Data for this task:

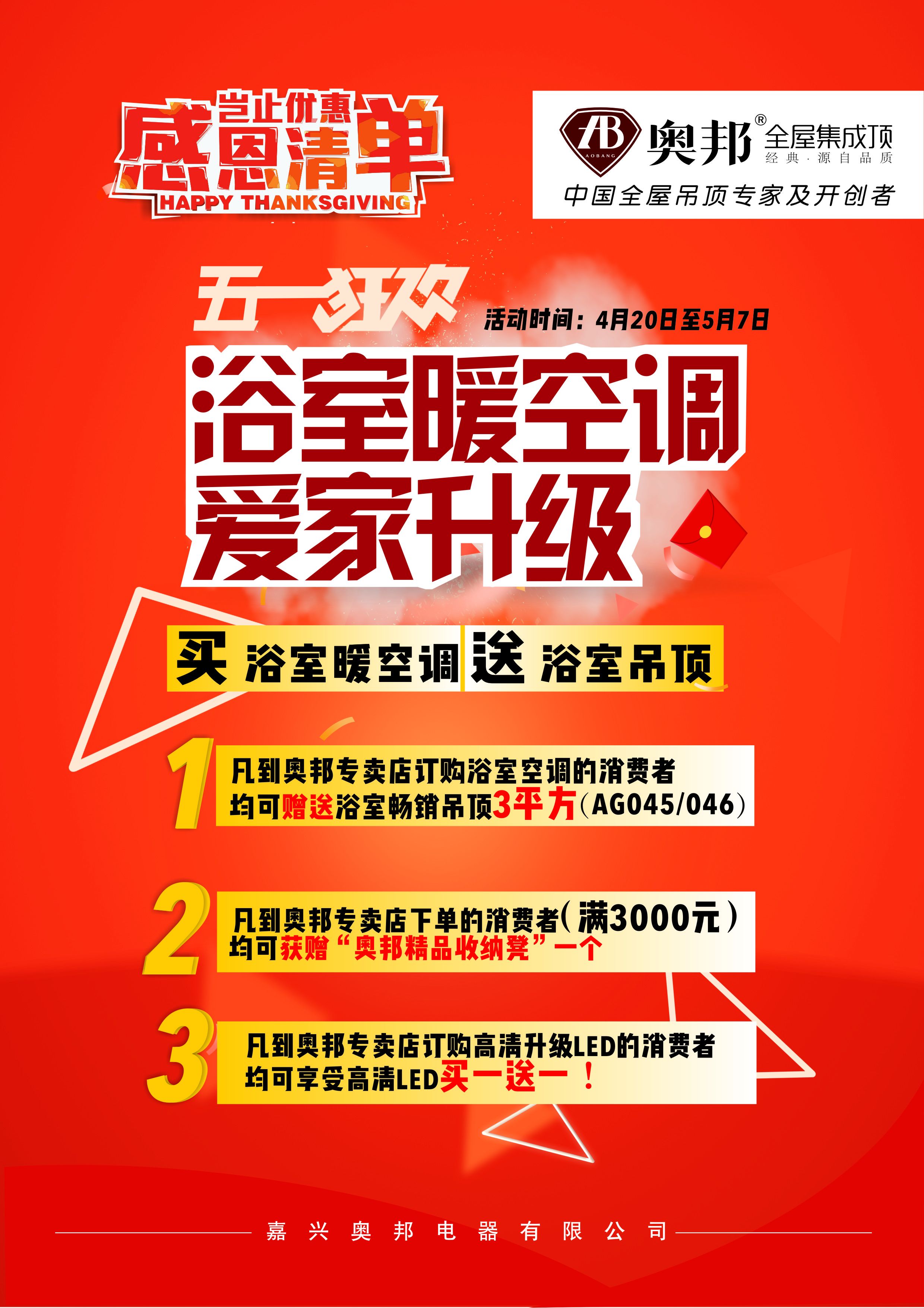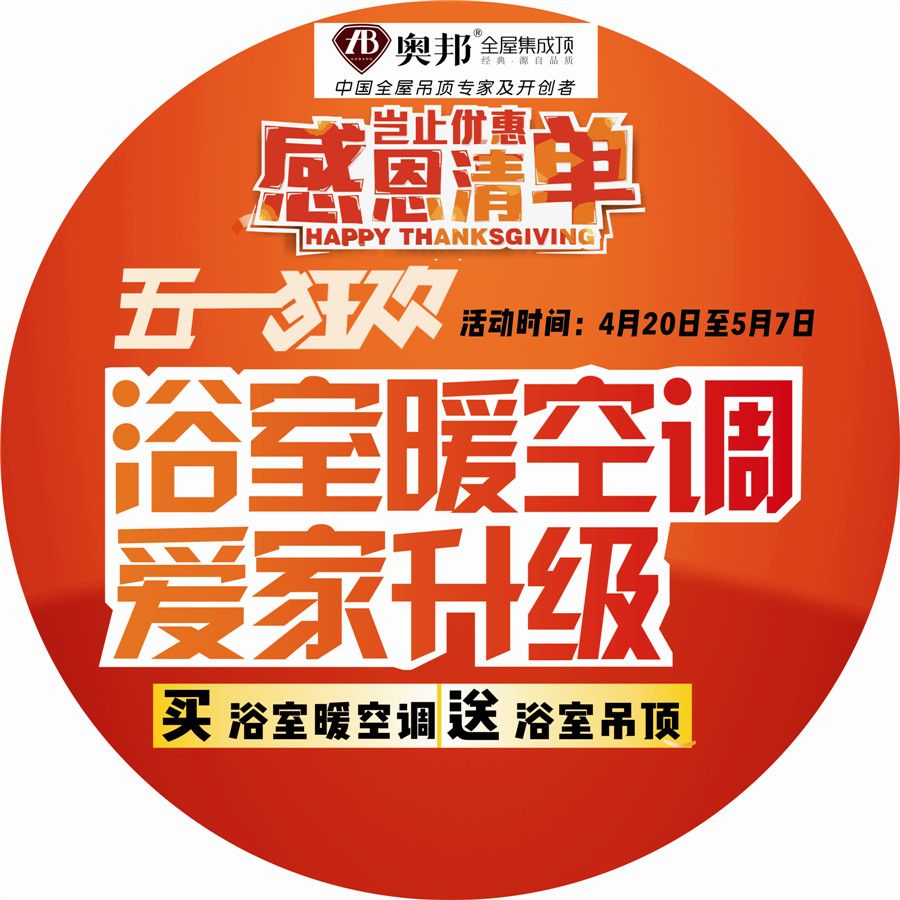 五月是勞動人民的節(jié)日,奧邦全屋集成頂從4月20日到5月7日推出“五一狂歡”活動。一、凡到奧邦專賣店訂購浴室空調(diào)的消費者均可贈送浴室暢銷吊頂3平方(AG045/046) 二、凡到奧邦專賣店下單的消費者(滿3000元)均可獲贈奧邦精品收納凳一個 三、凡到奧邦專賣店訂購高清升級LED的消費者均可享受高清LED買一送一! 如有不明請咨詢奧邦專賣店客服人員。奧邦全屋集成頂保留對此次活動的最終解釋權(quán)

* * *

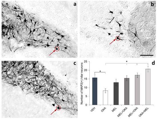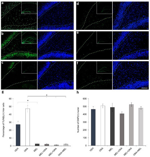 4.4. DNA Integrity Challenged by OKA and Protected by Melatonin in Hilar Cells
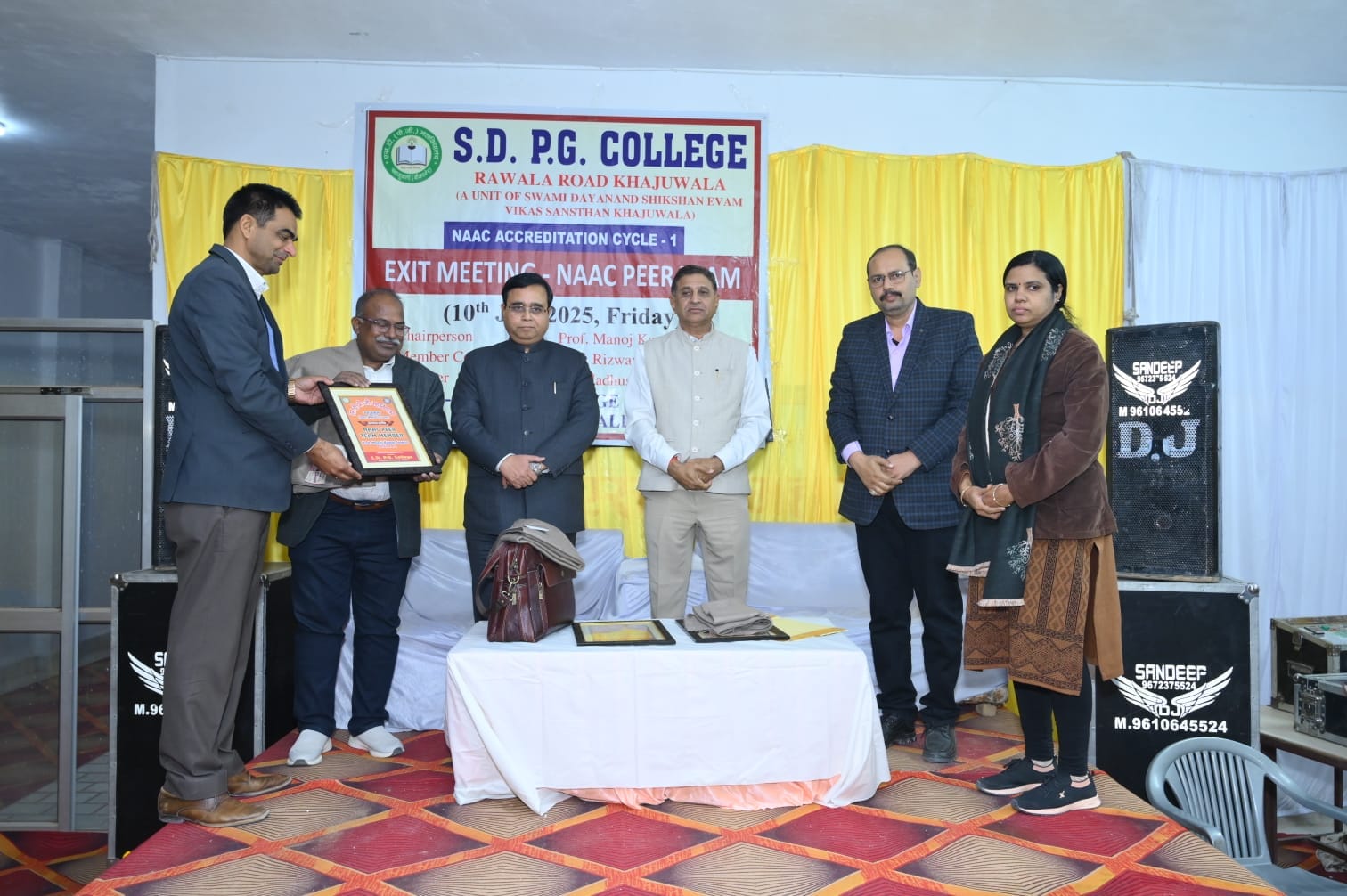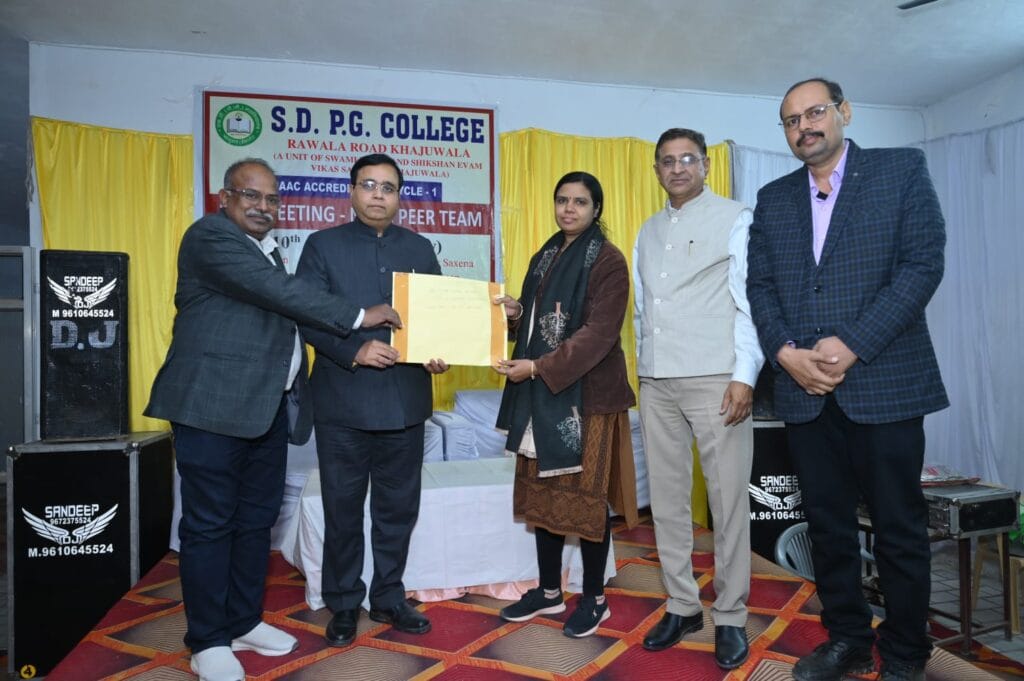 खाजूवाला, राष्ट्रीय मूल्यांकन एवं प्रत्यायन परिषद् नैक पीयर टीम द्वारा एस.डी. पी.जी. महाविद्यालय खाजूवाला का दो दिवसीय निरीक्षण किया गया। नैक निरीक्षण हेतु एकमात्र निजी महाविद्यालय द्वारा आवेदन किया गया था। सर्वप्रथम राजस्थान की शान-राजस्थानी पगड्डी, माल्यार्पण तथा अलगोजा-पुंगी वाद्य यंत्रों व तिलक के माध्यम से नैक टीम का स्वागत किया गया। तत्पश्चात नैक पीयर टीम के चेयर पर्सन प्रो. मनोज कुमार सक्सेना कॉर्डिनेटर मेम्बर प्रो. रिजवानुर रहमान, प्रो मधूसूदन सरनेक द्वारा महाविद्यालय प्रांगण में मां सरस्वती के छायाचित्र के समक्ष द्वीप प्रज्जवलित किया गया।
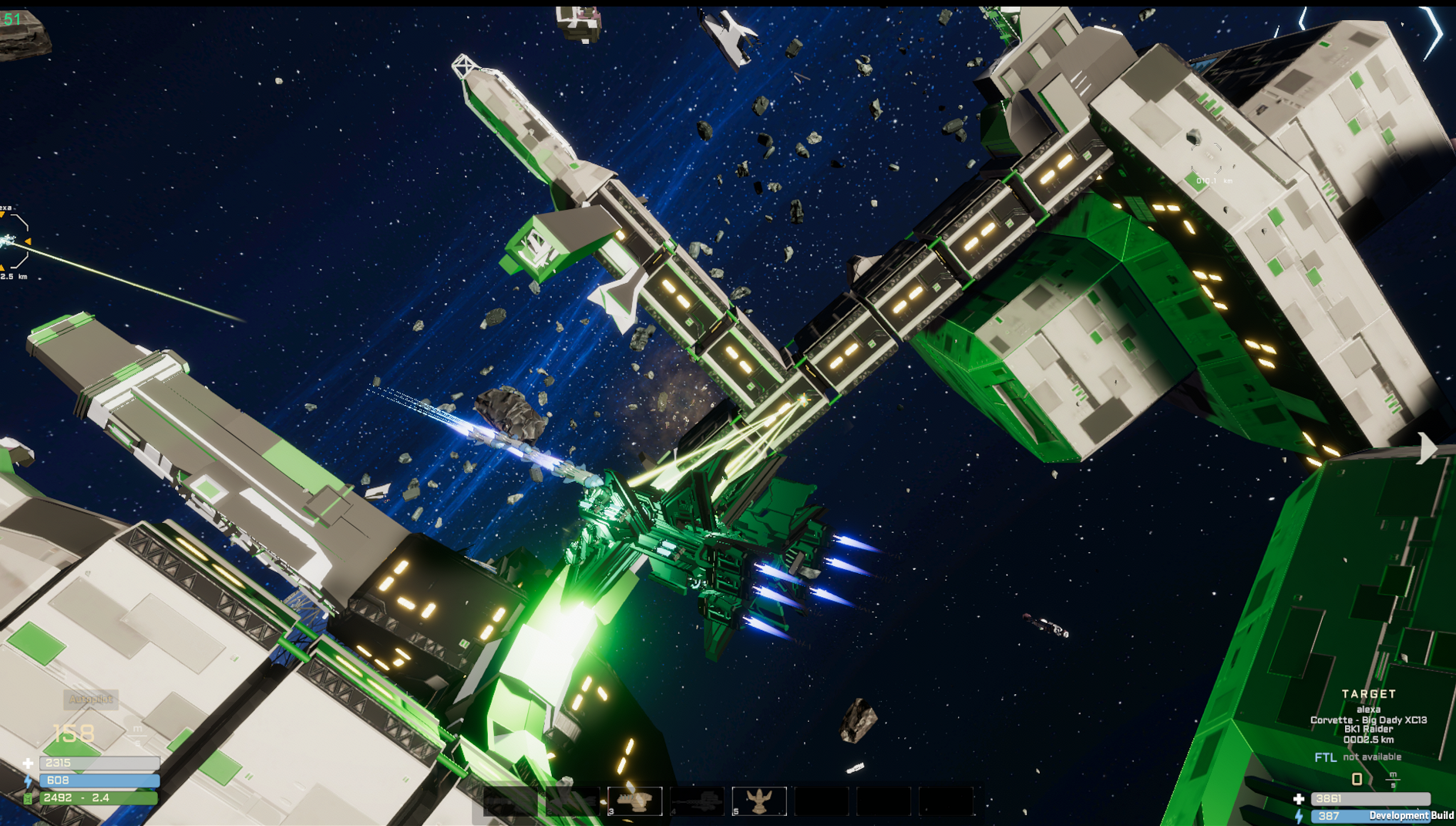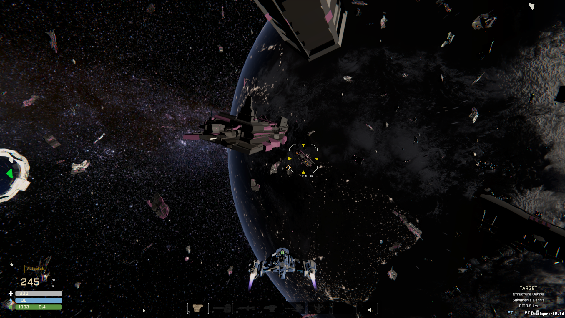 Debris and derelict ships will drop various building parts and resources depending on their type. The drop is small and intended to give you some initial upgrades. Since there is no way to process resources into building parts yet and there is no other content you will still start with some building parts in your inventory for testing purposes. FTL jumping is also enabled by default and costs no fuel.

* * *

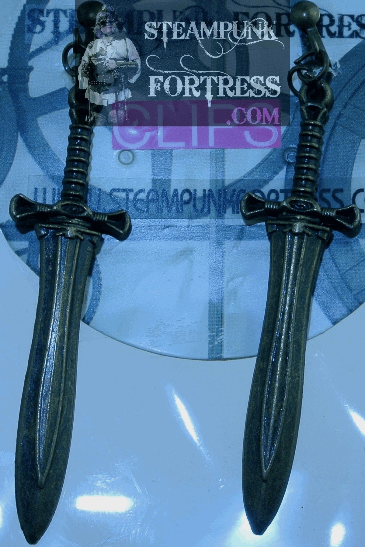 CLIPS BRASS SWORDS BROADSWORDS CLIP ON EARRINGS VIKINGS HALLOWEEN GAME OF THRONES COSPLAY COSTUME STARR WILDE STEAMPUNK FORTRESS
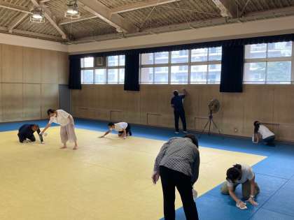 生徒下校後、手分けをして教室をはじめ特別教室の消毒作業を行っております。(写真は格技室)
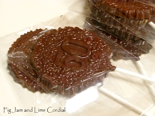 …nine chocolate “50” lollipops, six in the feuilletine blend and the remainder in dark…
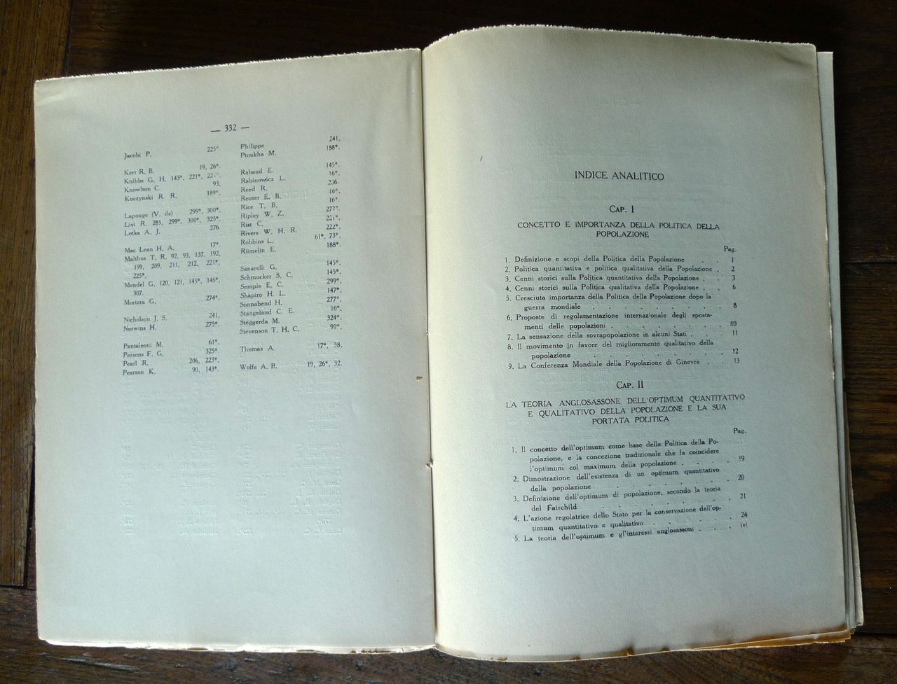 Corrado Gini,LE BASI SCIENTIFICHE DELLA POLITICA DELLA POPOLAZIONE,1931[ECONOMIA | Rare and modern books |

Exercise details: Once the line with "CLIPS BRASS SWORDS" is found above, transcribe each line from it through the line with "Corrado Gini,LE BASI", exactly, and omit the pictures.

Exercise answer:
 CLIPS BRASS SWORDS BROADSWORDS CLIP ON EARRINGS VIKINGS HALLOWEEN GAME OF THRONES COSPLAY COSTUME STARR WILDE STEAMPUNK FORTRESS
 生徒下校後、手分けをして教室をはじめ特別教室の消毒作業を行っております。(写真は格技室)
 …nine chocolate “50” lollipops, six in the feuilletine blend and the remainder in dark…
 Corrado Gini,LE BASI SCIENTIFICHE DELLA POLITICA DELLA POPOLAZIONE,1931[ECONOMIA | Rare and modern books |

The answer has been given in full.